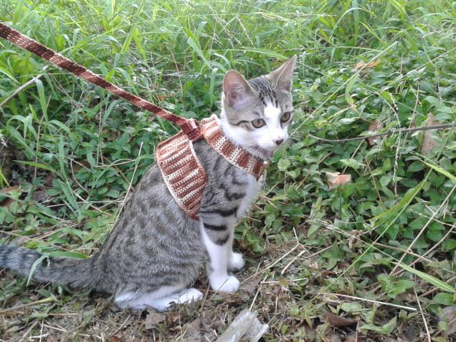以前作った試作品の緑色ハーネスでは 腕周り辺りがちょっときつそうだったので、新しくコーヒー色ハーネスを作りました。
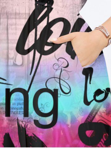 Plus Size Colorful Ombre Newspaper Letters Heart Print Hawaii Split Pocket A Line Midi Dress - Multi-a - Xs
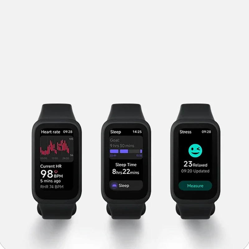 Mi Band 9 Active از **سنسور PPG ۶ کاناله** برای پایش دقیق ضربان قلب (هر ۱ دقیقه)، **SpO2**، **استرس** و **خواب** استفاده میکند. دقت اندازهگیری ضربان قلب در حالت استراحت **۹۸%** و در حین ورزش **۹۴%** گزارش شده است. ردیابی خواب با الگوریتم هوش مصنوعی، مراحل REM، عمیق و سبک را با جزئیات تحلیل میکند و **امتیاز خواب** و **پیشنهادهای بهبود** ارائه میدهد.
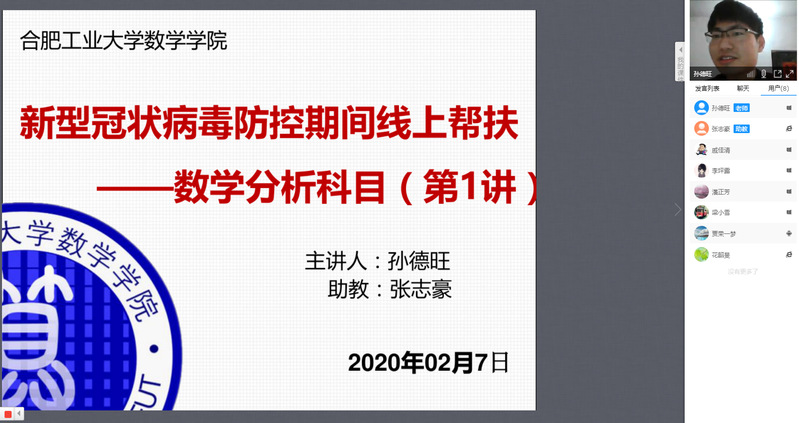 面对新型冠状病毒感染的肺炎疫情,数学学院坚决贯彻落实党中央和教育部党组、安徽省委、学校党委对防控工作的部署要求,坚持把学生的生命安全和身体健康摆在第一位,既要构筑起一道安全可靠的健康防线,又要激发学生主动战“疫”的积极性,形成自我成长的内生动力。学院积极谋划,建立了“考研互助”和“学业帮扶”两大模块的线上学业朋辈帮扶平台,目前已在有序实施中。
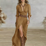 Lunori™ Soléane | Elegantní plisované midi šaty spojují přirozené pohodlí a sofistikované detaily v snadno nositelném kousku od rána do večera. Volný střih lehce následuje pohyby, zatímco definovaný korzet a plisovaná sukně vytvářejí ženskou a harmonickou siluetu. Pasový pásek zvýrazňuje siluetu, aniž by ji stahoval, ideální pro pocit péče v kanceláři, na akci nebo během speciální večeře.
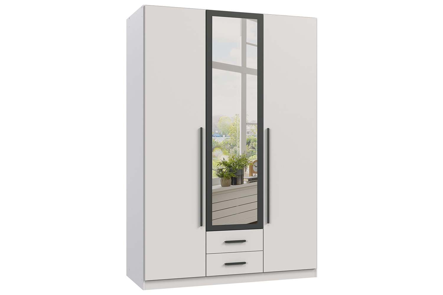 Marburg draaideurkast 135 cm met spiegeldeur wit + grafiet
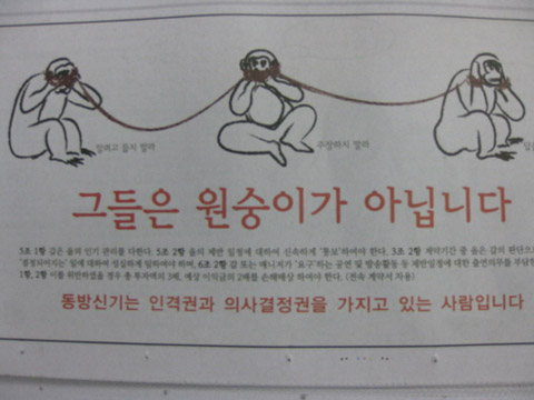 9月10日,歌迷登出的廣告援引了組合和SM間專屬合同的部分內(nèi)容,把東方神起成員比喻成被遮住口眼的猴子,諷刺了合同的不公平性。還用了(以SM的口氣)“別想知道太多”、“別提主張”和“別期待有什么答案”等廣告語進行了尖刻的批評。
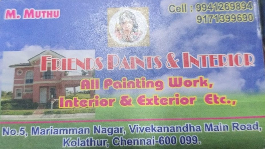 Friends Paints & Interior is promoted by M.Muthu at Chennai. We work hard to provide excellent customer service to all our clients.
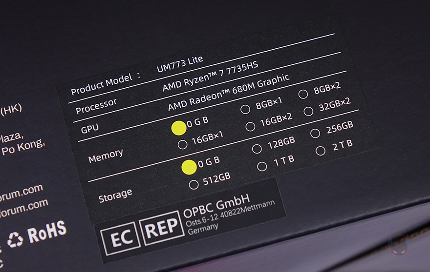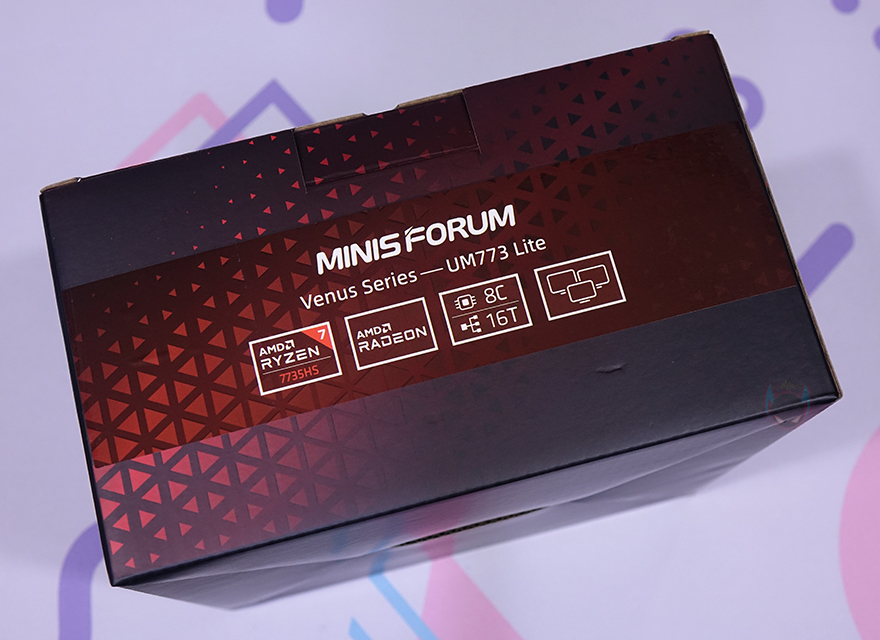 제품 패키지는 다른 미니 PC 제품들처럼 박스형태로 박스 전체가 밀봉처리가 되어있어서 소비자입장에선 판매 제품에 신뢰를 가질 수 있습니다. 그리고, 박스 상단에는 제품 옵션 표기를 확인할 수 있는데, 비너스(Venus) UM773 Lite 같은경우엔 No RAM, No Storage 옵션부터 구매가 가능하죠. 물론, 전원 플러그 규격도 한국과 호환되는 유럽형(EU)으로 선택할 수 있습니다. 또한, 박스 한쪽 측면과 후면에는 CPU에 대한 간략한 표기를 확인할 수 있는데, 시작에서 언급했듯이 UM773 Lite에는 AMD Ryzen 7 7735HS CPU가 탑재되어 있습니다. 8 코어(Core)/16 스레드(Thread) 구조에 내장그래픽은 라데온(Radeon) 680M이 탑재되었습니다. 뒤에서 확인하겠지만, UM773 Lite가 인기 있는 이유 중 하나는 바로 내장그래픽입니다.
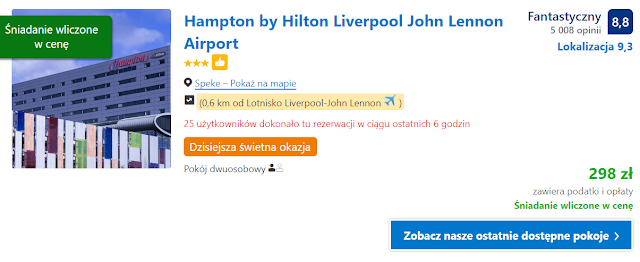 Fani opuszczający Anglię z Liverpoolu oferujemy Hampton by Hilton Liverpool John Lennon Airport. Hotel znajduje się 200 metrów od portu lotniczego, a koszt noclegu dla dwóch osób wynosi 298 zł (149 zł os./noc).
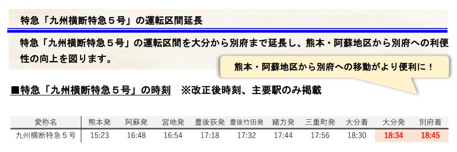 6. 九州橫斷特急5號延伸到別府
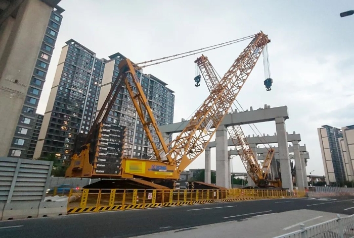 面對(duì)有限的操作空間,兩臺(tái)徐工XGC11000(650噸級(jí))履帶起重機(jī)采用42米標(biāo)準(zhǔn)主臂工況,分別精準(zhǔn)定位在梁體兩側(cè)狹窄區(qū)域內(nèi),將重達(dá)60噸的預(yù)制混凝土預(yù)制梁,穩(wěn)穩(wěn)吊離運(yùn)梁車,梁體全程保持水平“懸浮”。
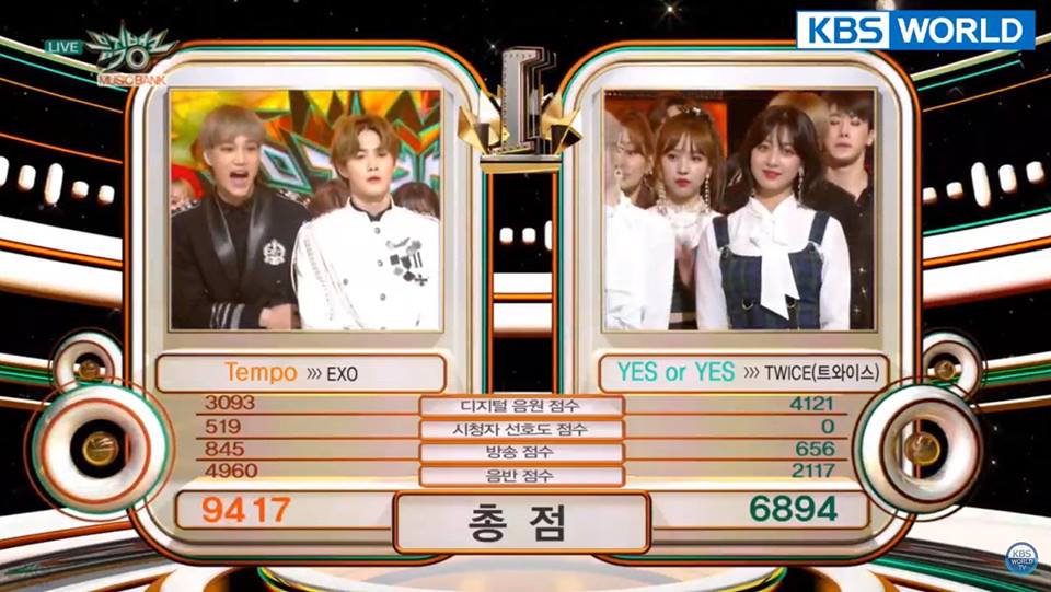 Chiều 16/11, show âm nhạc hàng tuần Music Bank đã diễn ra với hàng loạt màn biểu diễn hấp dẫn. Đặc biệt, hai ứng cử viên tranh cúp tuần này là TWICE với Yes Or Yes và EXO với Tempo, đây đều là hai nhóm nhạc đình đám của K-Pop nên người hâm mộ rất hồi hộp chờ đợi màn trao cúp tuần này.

▸ What the task asks
Copy all of the data word for word, and keep the pictures out of it.

▸ Response area
以前作った試作品の緑色ハーネスでは 腕周り辺りがちょっときつそうだったので、新しくコーヒー色ハーネスを作りました。
 Plus Size Colorful Ombre Newspaper Letters Heart Print Hawaii Split Pocket A Line Midi Dress - Multi-a - Xs
 Mi Band 9 Active از **سنسور PPG ۶ کاناله** برای پایش دقیق ضربان قلب (هر ۱ دقیقه)، **SpO2**، **استرس** و **خواب** استفاده میکند. دقت اندازهگیری ضربان قلب در حالت استراحت **۹۸%** و در حین ورزش **۹۴%** گزارش شده است. ردیابی خواب با الگوریتم هوش مصنوعی، مراحل REM، عمیق و سبک را با جزئیات تحلیل میکند و **امتیاز خواب** و **پیشنهادهای بهبود** ارائه میدهد.
 面对新型冠状病毒感染的肺炎疫情,数学学院坚决贯彻落实党中央和教育部党组、安徽省委、学校党委对防控工作的部署要求,坚持把学生的生命安全和身体健康摆在第一位,既要构筑起一道安全可靠的健康防线,又要激发学生主动战“疫”的积极性,形成自我成长的内生动力。学院积极谋划,建立了“考研互助”和“学业帮扶”两大模块的线上学业朋辈帮扶平台,目前已在有序实施中。
 Lunori™ Soléane | Elegantní plisované midi šaty spojují přirozené pohodlí a sofistikované detaily v snadno nositelném kousku od rána do večera. Volný střih lehce následuje pohyby, zatímco definovaný korzet a plisovaná sukně vytvářejí ženskou a harmonickou siluetu. Pasový pásek zvýrazňuje siluetu, aniž by ji stahoval, ideální pro pocit péče v kanceláři, na akci nebo během speciální večeře.
 Marburg draaideurkast 135 cm met spiegeldeur wit + grafiet
 9月10日,歌迷登出的廣告援引了組合和SM間專屬合同的部分內(nèi)容,把東方神起成員比喻成被遮住口眼的猴子,諷刺了合同的不公平性。還用了(以SM的口氣)“別想知道太多”、“別提主張”和“別期待有什么答案”等廣告語進行了尖刻的批評。
 Friends Paints & Interior is promoted by M.Muthu at Chennai. We work hard to provide excellent customer service to all our clients.
 제품 패키지는 다른 미니 PC 제품들처럼 박스형태로 박스 전체가 밀봉처리가 되어있어서 소비자입장에선 판매 제품에 신뢰를 가질 수 있습니다. 그리고, 박스 상단에는 제품 옵션 표기를 확인할 수 있는데, 비너스(Venus) UM773 Lite 같은경우엔 No RAM, No Storage 옵션부터 구매가 가능하죠. 물론, 전원 플러그 규격도 한국과 호환되는 유럽형(EU)으로 선택할 수 있습니다. 또한, 박스 한쪽 측면과 후면에는 CPU에 대한 간략한 표기를 확인할 수 있는데, 시작에서 언급했듯이 UM773 Lite에는 AMD Ryzen 7 7735HS CPU가 탑재되어 있습니다. 8 코어(Core)/16 스레드(Thread) 구조에 내장그래픽은 라데온(Radeon) 680M이 탑재되었습니다. 뒤에서 확인하겠지만, UM773 Lite가 인기 있는 이유 중 하나는 바로 내장그래픽입니다.
 Fani opuszczający Anglię z Liverpoolu oferujemy Hampton by Hilton Liverpool John Lennon Airport. Hotel znajduje się 200 metrów od portu lotniczego, a koszt noclegu dla dwóch osób wynosi 298 zł (149 zł os./noc).
 6. 九州橫斷特急5號延伸到別府
 面對(duì)有限的操作空間,兩臺(tái)徐工XGC11000(650噸級(jí))履帶起重機(jī)采用42米標(biāo)準(zhǔn)主臂工況,分別精準(zhǔn)定位在梁體兩側(cè)狹窄區(qū)域內(nèi),將重達(dá)60噸的預(yù)制混凝土預(yù)制梁,穩(wěn)穩(wěn)吊離運(yùn)梁車,梁體全程保持水平“懸浮”。
 Chiều 16/11, show âm nhạc hàng tuần Music Bank đã diễn ra với hàng loạt màn biểu diễn hấp dẫn. Đặc biệt, hai ứng cử viên tranh cúp tuần này là TWICE với Yes Or Yes và EXO với Tempo, đây đều là hai nhóm nhạc đình đám của K-Pop nên người hâm mộ rất hồi hộp chờ đợi màn trao cúp tuần này.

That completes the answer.